Comment 2 John L Magee 2011-11-17 08:18:10 UTC

please raise the priority and severity to urgent

Comment 3 Chuck Ebbert 2011-11-18 07:08:27 UTC

Please try the 2.6.41.1-1 kernel update.

Comment 4 Chuck Ebbert 2011-11-29 12:53:53 UTC

Will close this bug in another week if there's no response to the request to try a 2.6.41 kernel.

Comment 5 John L Magee 2011-11-30 03:45:26 UTC

Is there a specific update in 2.6.41 that you believe addresses the issue? Or are we all shooting in the dark? We cannot upgrade until we position some new hardware in a couple of weeks. This occurred once in 3 months on one of six servers supporting similar workloads. so even after we upgrade, it will be difficult to declare victory.

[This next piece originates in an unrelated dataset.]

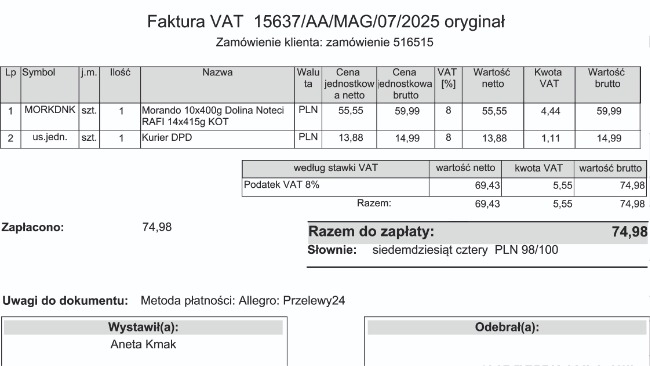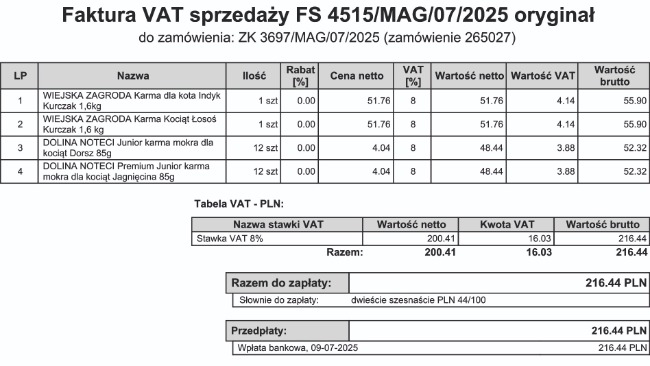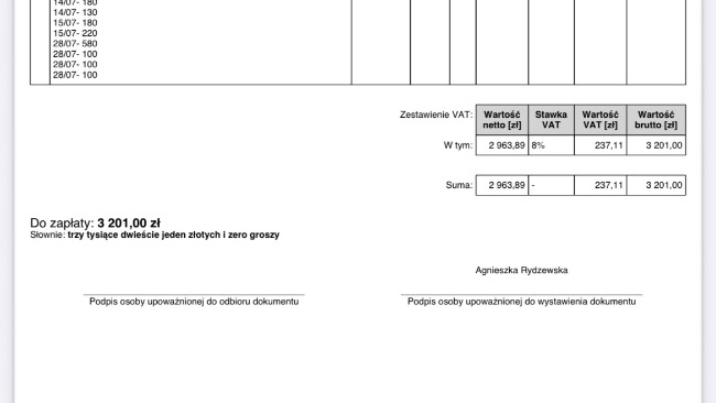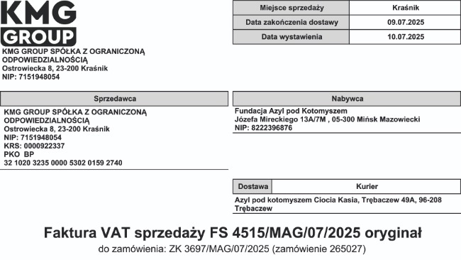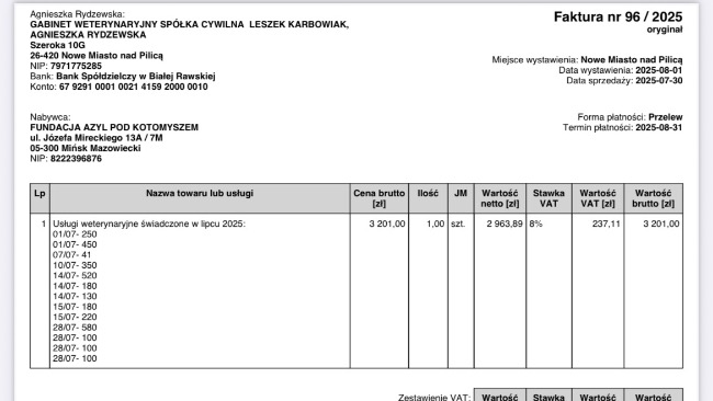 poniżej FV na które poświęciliśmy środki z tej zbióki:

Comment 6 Josh Boyer 2011-11-30 12:40:22 UTC

(In reply to comment #5)
> Is there a specific update in 2.6.41 that you believe addresses the issue? Or
> are we all shooting in the dark? We cannot upgrade until we position some new
> hardware in a couple of weeks. This occurred once in 3 months on one of six
> servers supporting similar workloads. so even after we upgrade, it will be
> difficult to declare victory.

It's an entirely new kernel release that contains many fixes across the board, including the MM subsystems.  While it is indeed a small shot in the dark, it is not an unreasonable one.

More importantly, F15 has move to 2.6.41 so there will be no more 2.6.40.x updates.  If this still needs fixing, it needs fixing in 2.6.41.

Comment 7 Dave Jones 2012-04-11 16:30:42 UTC

I think this was fixed in 1c641e84719429bbfe62a95ed3545ee7fe24408f upstream.

2.6.42.9-2.fc15 and newer should have this fixed.